The Oil Shock May Not Stop at the Pump

Crude oil

Markets have already priced the most visible consequences of a disruption in the Strait of Hormuz. Oil prices have surged, gasoline prices are moving higher, and inflation concerns have re-emerged. The initial market reaction has been the most visible but least revealing. The tougher question is, what happens if the disruption pushes costs deeper into the real economy? This chart points to one of the earliest channels through which an oil shock can spread into a broader inflation problem: fertilizer.

The strait carries far more than crude.

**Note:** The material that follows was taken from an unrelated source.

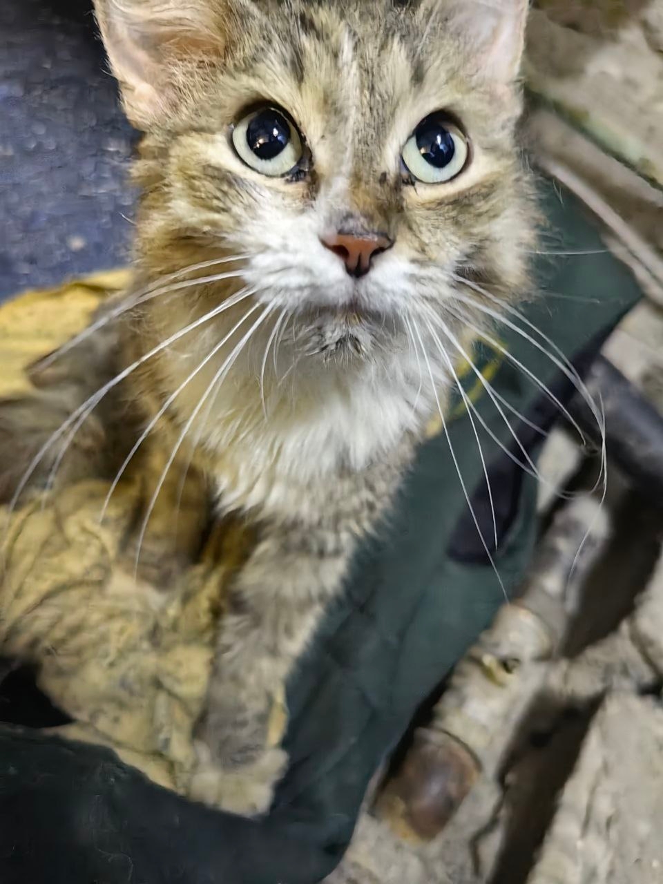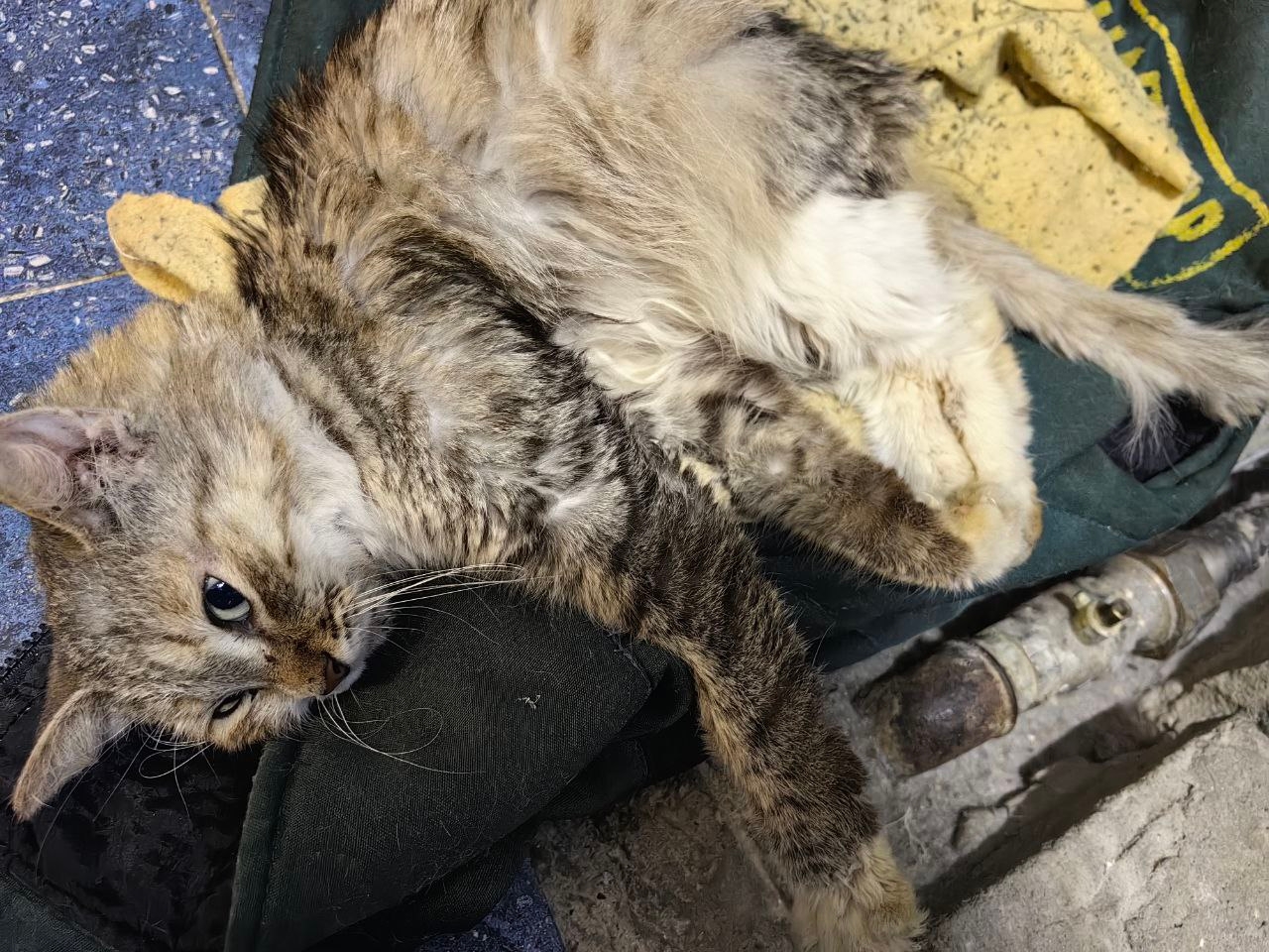 На промзоне прибилась кошка. Вернее отбили от собак. 100% домашняя. Знает то такое лоток. Шерсть чистая. Скол верхнего клыка и ссадина нижней челюсти – явно упала с высоты (с окна или балкона). Состояние, аппетит хорошие, но явно поморозилась и сильно оголодала пока попала к нам – рёбра торчат, но кормим. Что попало не ест – любит влажные корма с пакетиков – скорее всего кормили ими. Собаки вроде сильно не потрепали. Ласковая, на руки просится – явно домашняя. 31 декабря предприятие закроется на новогодние каникулы, кормить некому, отопления не будет, да и начальство против. Скорее всего отвезём в подвал какого-нибудь жилого дома где хотя бы тепло и нет собак. Ищем хозяев срочно.

Roughly one-third of global fertilizer exports are tied to the Persian Gulf region, and roughly one-third of traded urea, a key nitrogen-based fertilizer, moves through the waterway. Hormuz also matters for sulfur and other agricultural inputs. Fertilizer sits close to the base of the food system, and its economics are deeply linked to energy. Natural gas represents between 60% and 80% of the production cost of nitrogen fertilizer, allowing an energy and shipping disruption to move quickly into farm input costs and ultimately into food prices.

The timing makes the current move more consequential. A fertilizer shock in mid- to late March arrives during a sensitive part of the crop calendar, when producers are already making key planting and input decisions. That gives the current rise immediate consequences for farm margins and broader food-production costs.